# ml-probabilistic-attention

**Repository Path**: mirrors_apple/ml-probabilistic-attention

## Basic Information

- **Project Name**: ml-probabilistic-attention
- **Description**: No description available
- **Primary Language**: Unknown
- **License**: Not specified
- **Default Branch**: main
- **Homepage**: None
- **GVP Project**: No

## Statistics

- **Stars**: 0
- **Forks**: 0
- **Created**: 2021-04-10
- **Last Updated**: 2026-03-21

## Categories & Tags

**Categories**: Uncategorized

**Tags**: None

## README

# Project Name

This software project accompanies the research paper [Probabilistic Attention for Interactive Segmentation](https://arxiv.org/abs/2106.15338) and its predecessor [Probabilistic Transformers](https://arxiv.org/abs/2010.15583).
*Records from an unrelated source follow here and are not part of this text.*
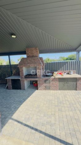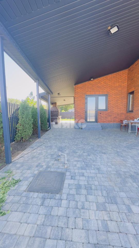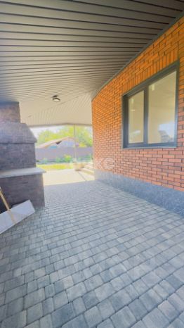 В доме сделана интересная и удобная планировка: 3 спальни, кухня-гостиная, теплые полы ( во всем доме), выполнена качественная предчистовая отделка, потолки подшиты гипсокартоном, есть выход на террасу. Во дворе  есть мангальная зона ( с выложенным из кирпича мангалом), двор выложен сухопрессованной плиткой, кованные ворота, капитальный навес, большой участок земли.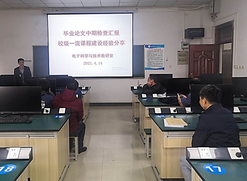 为进一步加强教研室建设,切实发挥教研室在教学、科研、管理等工作中的作用,4月14日下午电子科学与技术教研室在致知楼2519实验室开展了毕业论文中期检查汇报和一流课程建设经验分享会,电科教研室全体成员出席了会议,会议由教研室主任任玲芝主持,教务处副处长谢如龙、电子工程学院副院长叶松到会指导。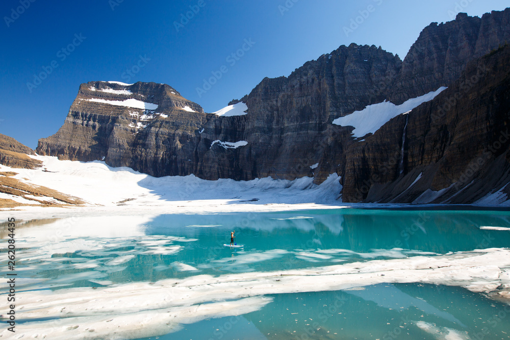 A woman stand up paddles (SUP) among floating chunks of ice on Upper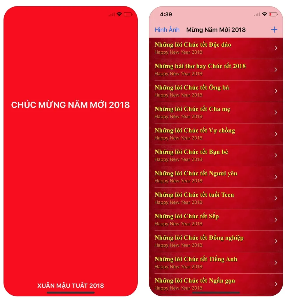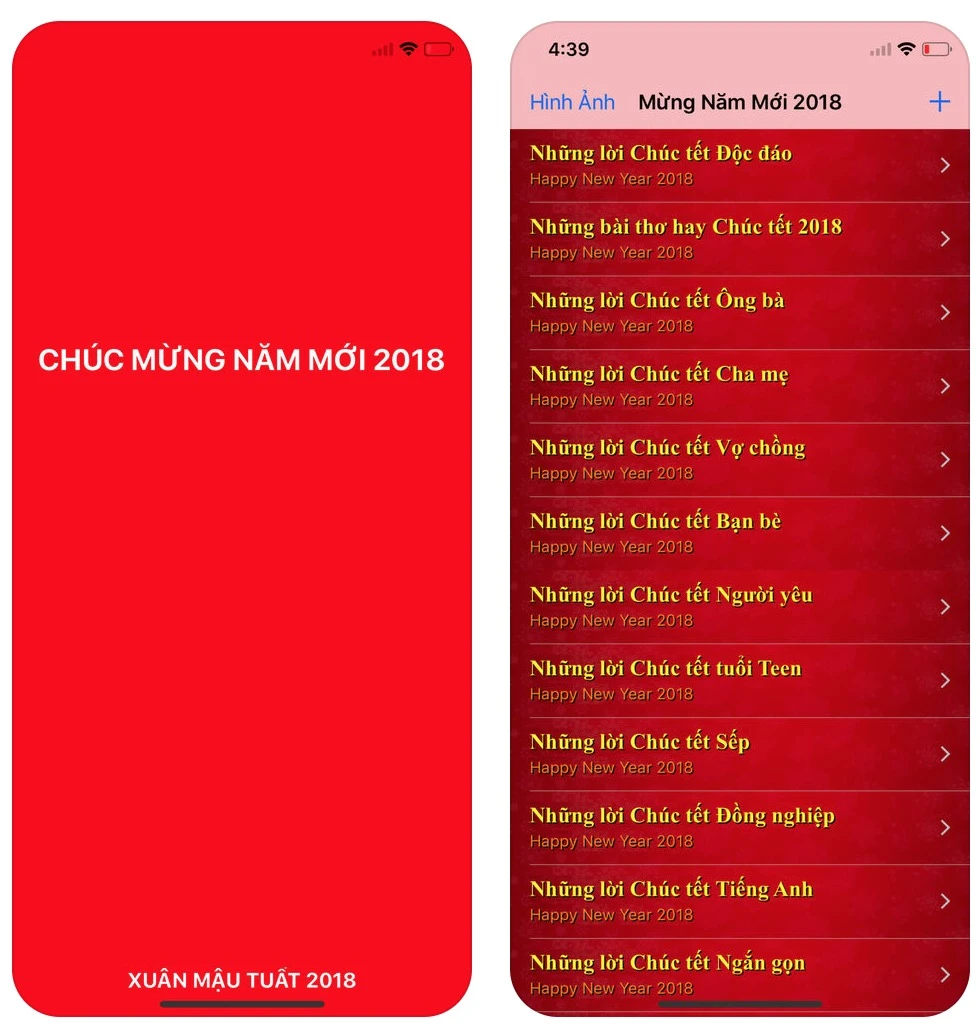 Ứng dụng có giao diện khá đơn giản và chia thành nhiều mục khác nhau, đơn cử như những lời chúc tết dành cho ông bà, vợ chồng, bạn bè, người yêu, tuổi teen, đồng nghiệp… những bài thơ tết hay hoặc các câu chúc bằng tiếng Anh.

It contains implementation of a Pytorch module for the probabilistic attention update proposed in the above paper(s). 

## Documentation

Runs an update of the probabilistic version of attention based on a Mixture of Gaussians model.  
It accepts the following parameters during a forward pass:  
* q: A tensor of queries with dims N, G, C, H  
* zeta: A tensor of keys (query/key Gaussian means) with dims N, G, C, H  
* alpha: A scalar (see special case above) or tensor of query/key Gaussian precisions with dims N, G, C, H  
* mu: A tensor of value Gaussian means with dims N, G, Cv, H  
* beta: A scalar (see special case above) or tensor of value Gaussian precisions with dims N, G, C, H  
* pi: A tensor of mixture component priors with dims N, G, H, H  
* v_init: A tensor of initial vals for the values with dims N, G, Cv, H (optional)  
* v_fixed: A tensor of fixed vals for the values with dims N, G, (Cv+1), H (optional). The extra (last) channel is an indicator for the fixed val locations  
* zeta_prior_precision: A tensor of precisions for the Gaussian prior over zeta with dims N, G, C, H (optional)  
* mu_prior_precision: A tensor of precisions for the Gaussian prior over mu with dims N, G, Cv, H (optional)  
* q_pos_emb: A tensor of query positional embeddings with dims C, H, H  
* zeta_pos_emb: A tensor of key positional embeddings with dims C, H, H  
* v_pos_emb: A tensor of value positional embeddings with dims Cv, H, H  
* nonzero_wts_mask: A boolean indexing tensor for setting weight matrix values to zero (where mask value is false) with dims H, H  

And returns the following output tensor:   
* Updated values with dims N, G, Cv, H if no position embedding (v_pos_emb=None) else N, G, 2*Cv, H  

Notably, this layer is equivalent to a standard dot product attention (without position embeddings) when:  
* uniform_query_precision = True  
* uniform_value_precision = True  
* magnitude_priors = True  
* alpha = 1/sqrt(C) (Could be a scalar to save some memory)  
* beta = 0 (Could be a scalar to save some memory)  
* v_init = None  
* v_fixed = None  

## Getting Started 

The module is in the file probabilisticattention.py.
It can be imported as any other Pytorch layer.